(Data extracts)

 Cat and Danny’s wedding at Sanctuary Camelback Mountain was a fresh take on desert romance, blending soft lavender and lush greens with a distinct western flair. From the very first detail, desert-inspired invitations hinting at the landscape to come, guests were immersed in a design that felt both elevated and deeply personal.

(End Data extracts)
(Data extracts)

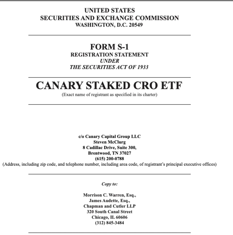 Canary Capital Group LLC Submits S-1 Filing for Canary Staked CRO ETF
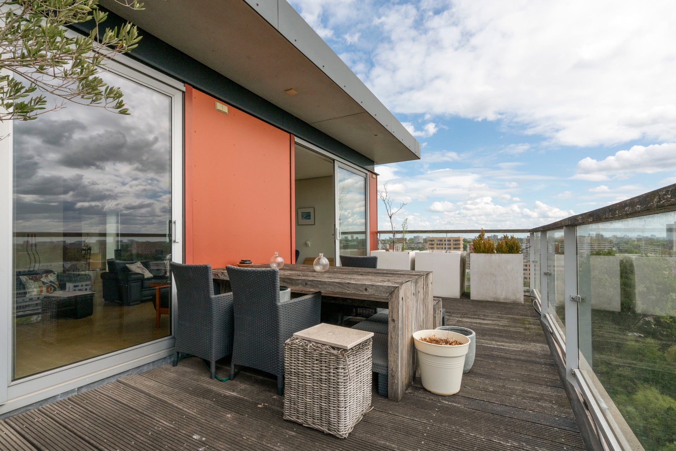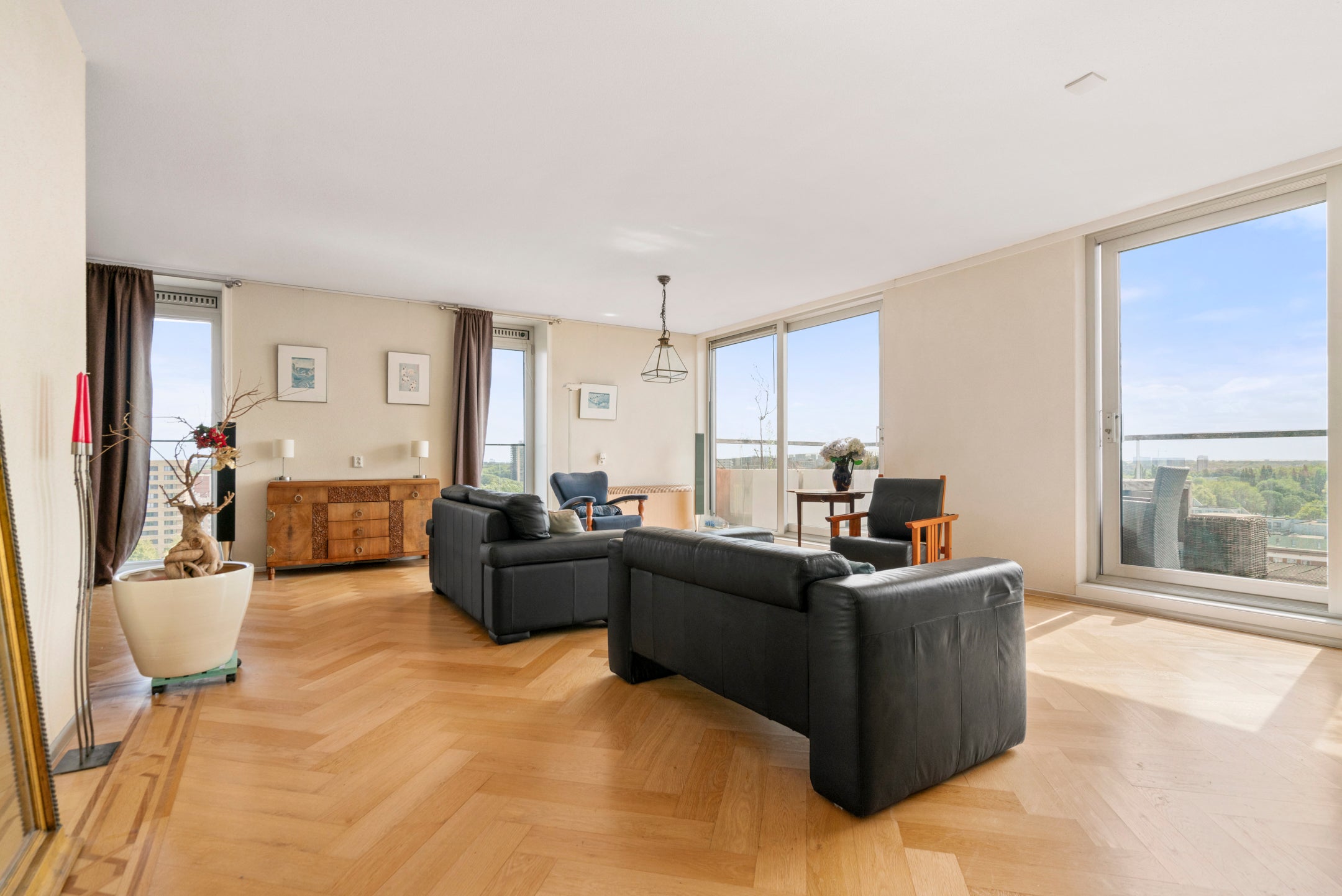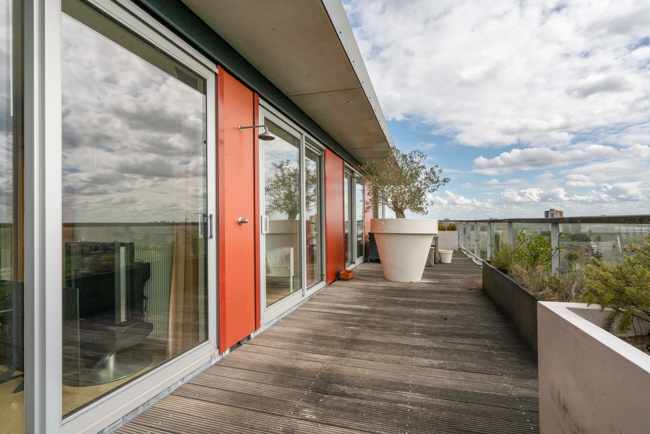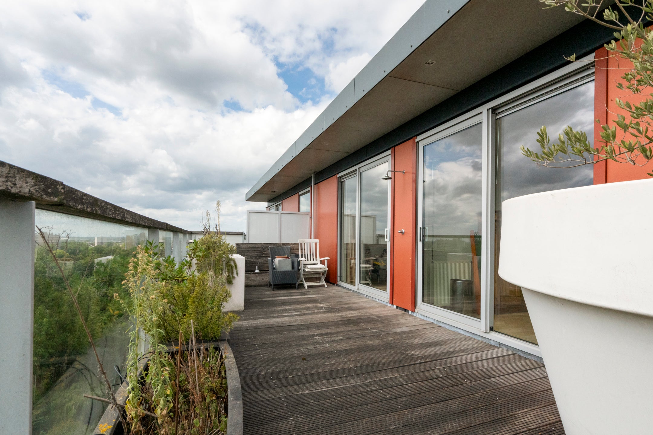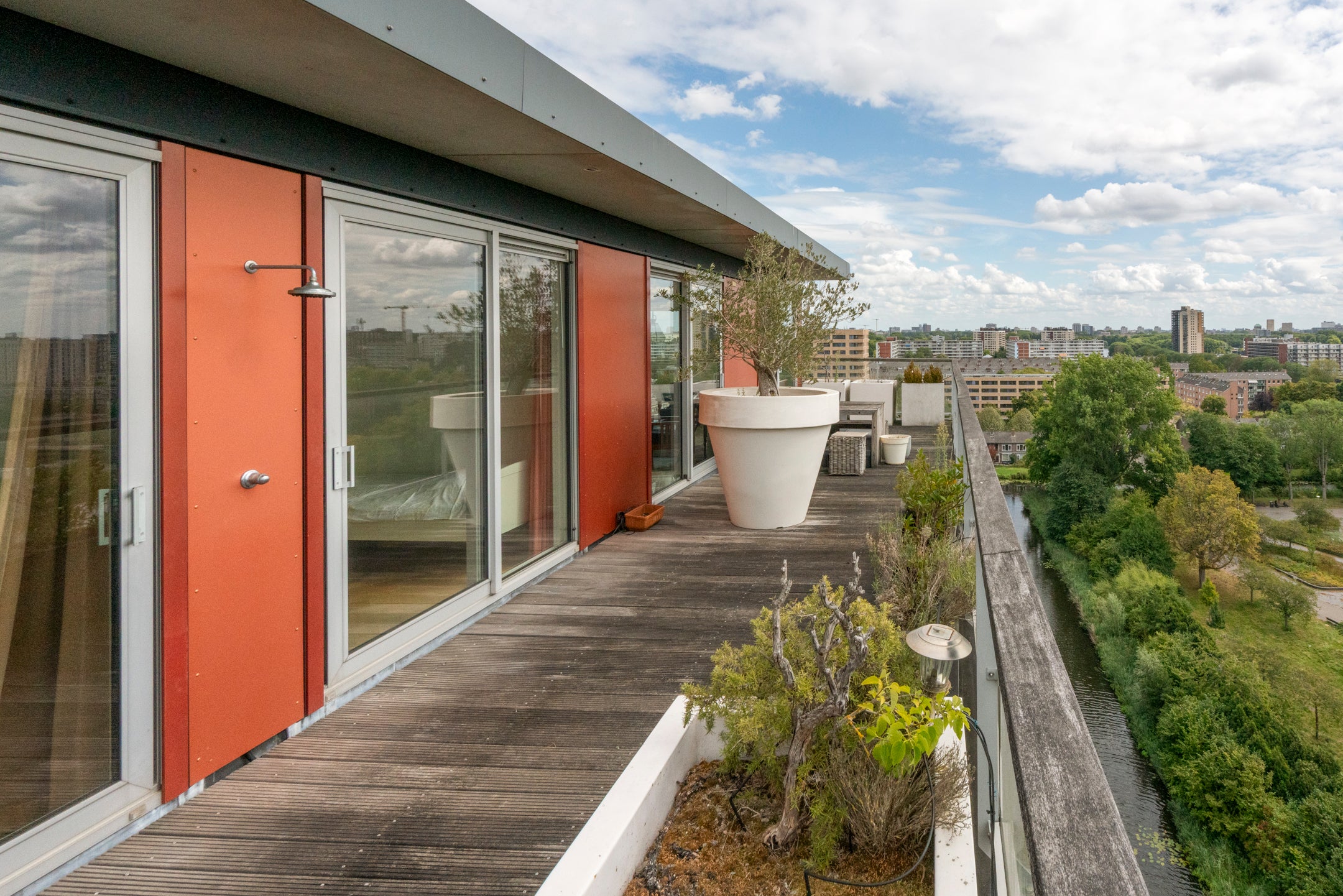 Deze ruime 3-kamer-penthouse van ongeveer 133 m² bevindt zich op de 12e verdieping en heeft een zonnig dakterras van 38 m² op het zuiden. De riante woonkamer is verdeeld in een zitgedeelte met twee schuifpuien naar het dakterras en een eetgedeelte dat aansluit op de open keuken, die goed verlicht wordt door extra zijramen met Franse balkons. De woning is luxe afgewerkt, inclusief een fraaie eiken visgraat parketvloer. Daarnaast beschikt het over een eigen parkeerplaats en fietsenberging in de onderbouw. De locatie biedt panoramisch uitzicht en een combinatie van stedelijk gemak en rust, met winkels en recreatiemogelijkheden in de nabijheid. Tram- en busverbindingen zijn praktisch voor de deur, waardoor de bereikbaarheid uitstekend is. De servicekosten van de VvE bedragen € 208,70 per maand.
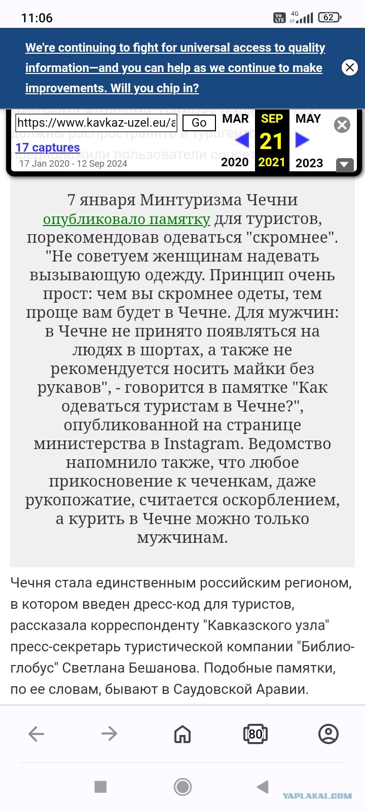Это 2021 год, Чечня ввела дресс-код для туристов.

(End Data extracts)
(Data extracts)

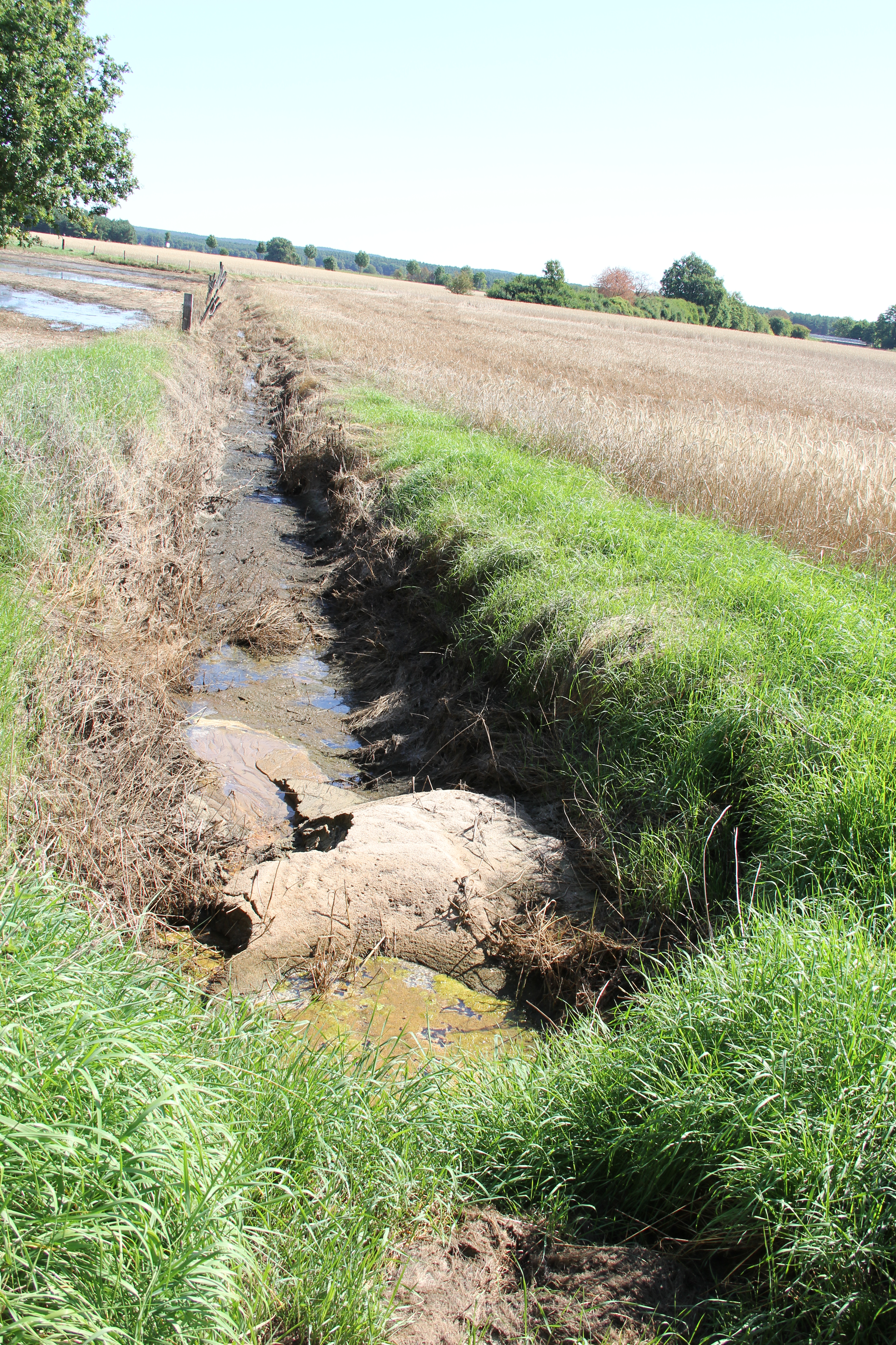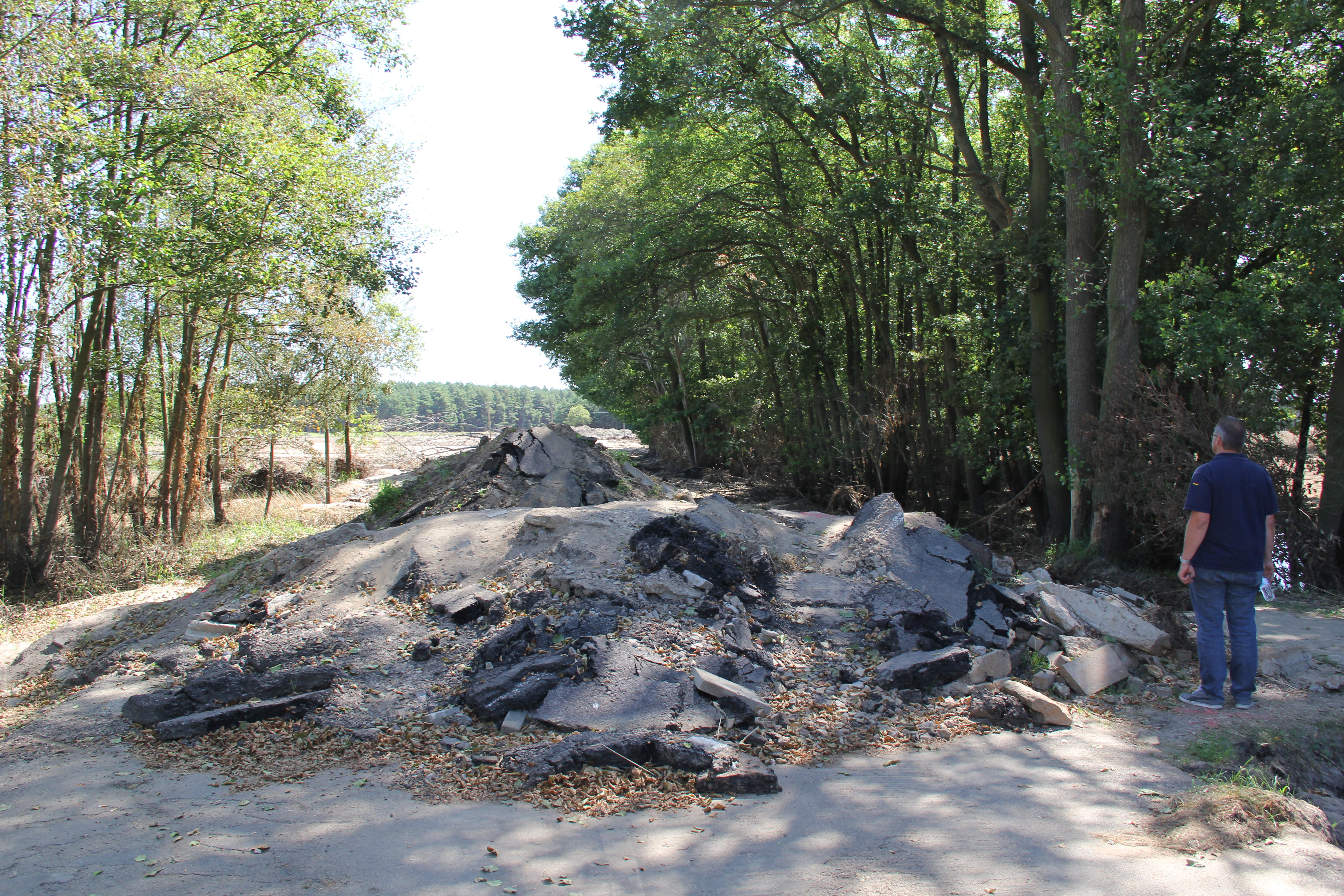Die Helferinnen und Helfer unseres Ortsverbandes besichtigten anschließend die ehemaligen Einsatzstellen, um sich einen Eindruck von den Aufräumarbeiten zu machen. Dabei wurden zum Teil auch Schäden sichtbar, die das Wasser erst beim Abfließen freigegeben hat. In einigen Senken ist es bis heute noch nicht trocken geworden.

(End Data extracts)

### Required work:
Output exactly those lines of the data above that run from the line with "Deze ruime 3-kamer-penthouse" up to and including the line with "Это 2021 год, Чечня". No pictures go in.

### Result for this task:
 Deze ruime 3-kamer-penthouse van ongeveer 133 m² bevindt zich op de 12e verdieping en heeft een zonnig dakterras van 38 m² op het zuiden. De riante woonkamer is verdeeld in een zitgedeelte met twee schuifpuien naar het dakterras en een eetgedeelte dat aansluit op de open keuken, die goed verlicht wordt door extra zijramen met Franse balkons. De woning is luxe afgewerkt, inclusief een fraaie eiken visgraat parketvloer. Daarnaast beschikt het over een eigen parkeerplaats en fietsenberging in de onderbouw. De locatie biedt panoramisch uitzicht en een combinatie van stedelijk gemak en rust, met winkels en recreatiemogelijkheden in de nabijheid. Tram- en busverbindingen zijn praktisch voor de deur, waardoor de bereikbaarheid uitstekend is. De servicekosten van de VvE bedragen € 208,70 per maand.
Это 2021 год, Чечня ввела дресс-код для туристов.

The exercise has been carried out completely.